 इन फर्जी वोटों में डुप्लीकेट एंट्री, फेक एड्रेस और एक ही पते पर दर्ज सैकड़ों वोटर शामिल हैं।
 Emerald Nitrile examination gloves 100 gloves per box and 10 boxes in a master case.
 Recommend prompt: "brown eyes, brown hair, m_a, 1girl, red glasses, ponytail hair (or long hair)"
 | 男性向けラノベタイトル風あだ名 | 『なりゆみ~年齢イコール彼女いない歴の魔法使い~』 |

++++++++++

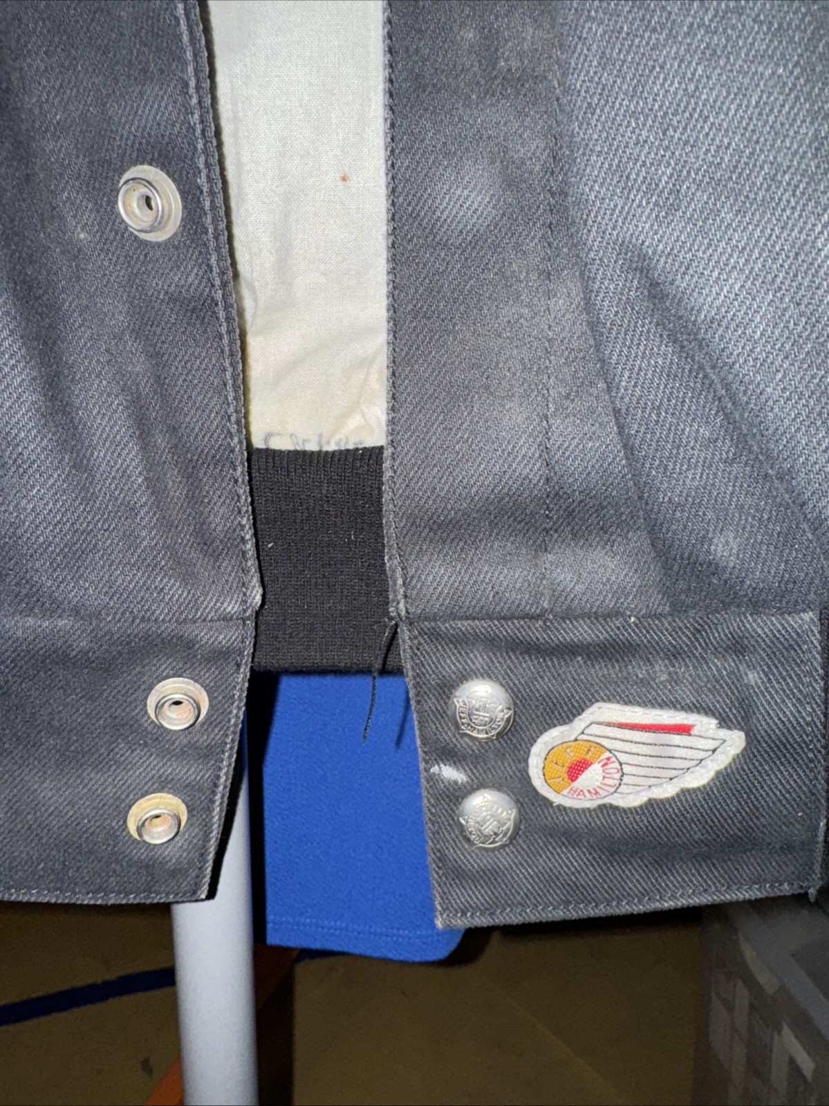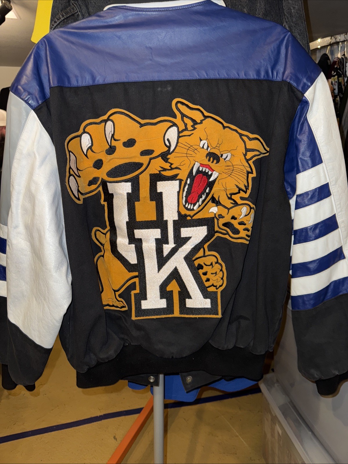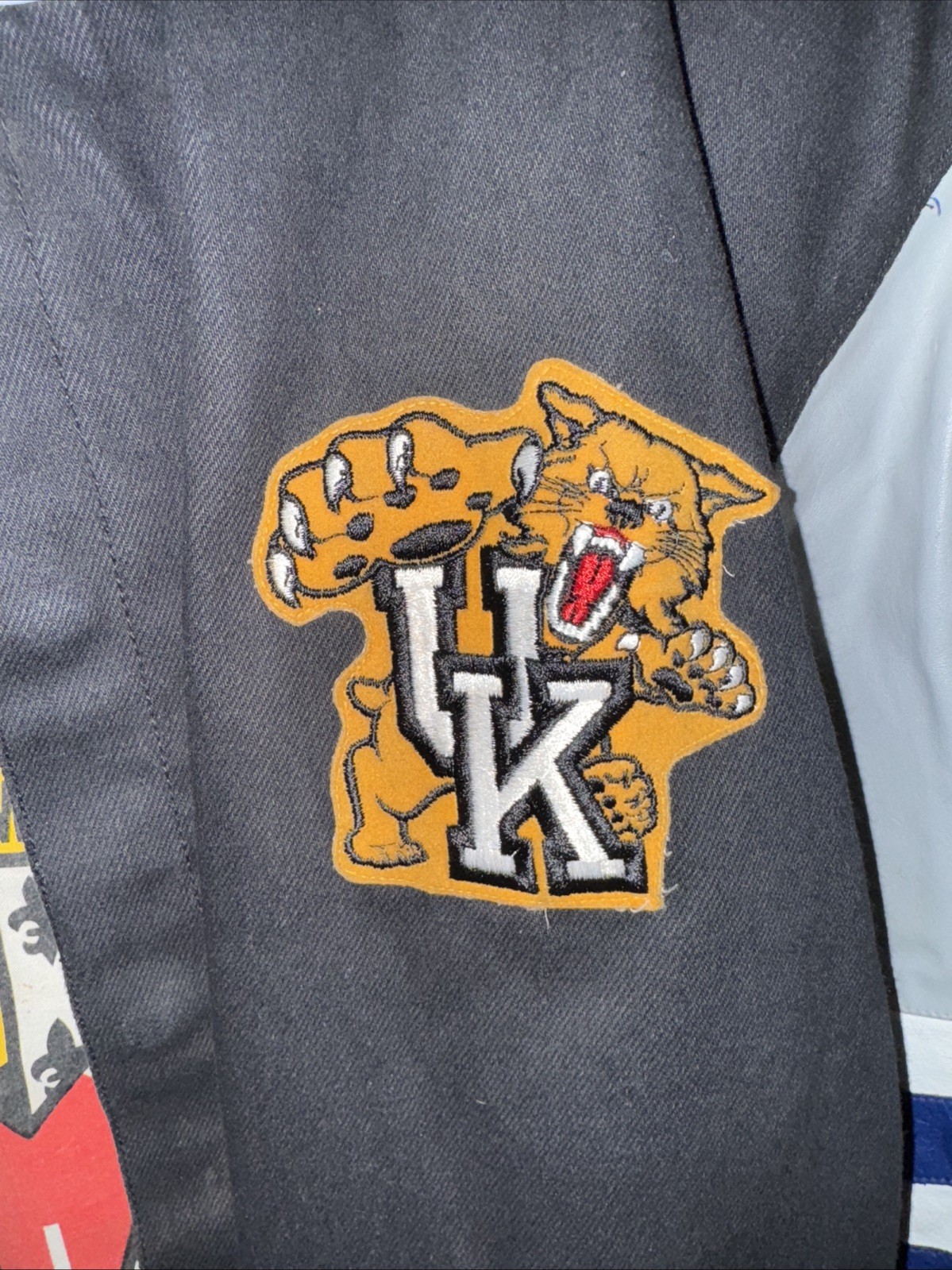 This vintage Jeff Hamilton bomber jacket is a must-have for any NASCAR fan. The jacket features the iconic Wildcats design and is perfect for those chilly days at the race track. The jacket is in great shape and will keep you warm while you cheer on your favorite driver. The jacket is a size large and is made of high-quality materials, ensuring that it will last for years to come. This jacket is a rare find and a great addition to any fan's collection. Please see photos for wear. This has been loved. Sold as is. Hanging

++++++++++

Action item
Look in the material above for the line with "Emerald Nitrile examination" and the line with "男性向けラノベタイトル風あだ名 | 『なりゆみ~年齢イコール彼女いない歴の魔法使い~』 |", and transcribe exactly those lines and all lines between them, nothing more.

Task answer
 Emerald Nitrile examination gloves 100 gloves per box and 10 boxes in a master case.
 Recommend prompt: "brown eyes, brown hair, m_a, 1girl, red glasses, ponytail hair (or long hair)"
 | 男性向けラノベタイトル風あだ名 | 『なりゆみ~年齢イコール彼女いない歴の魔法使い~』 |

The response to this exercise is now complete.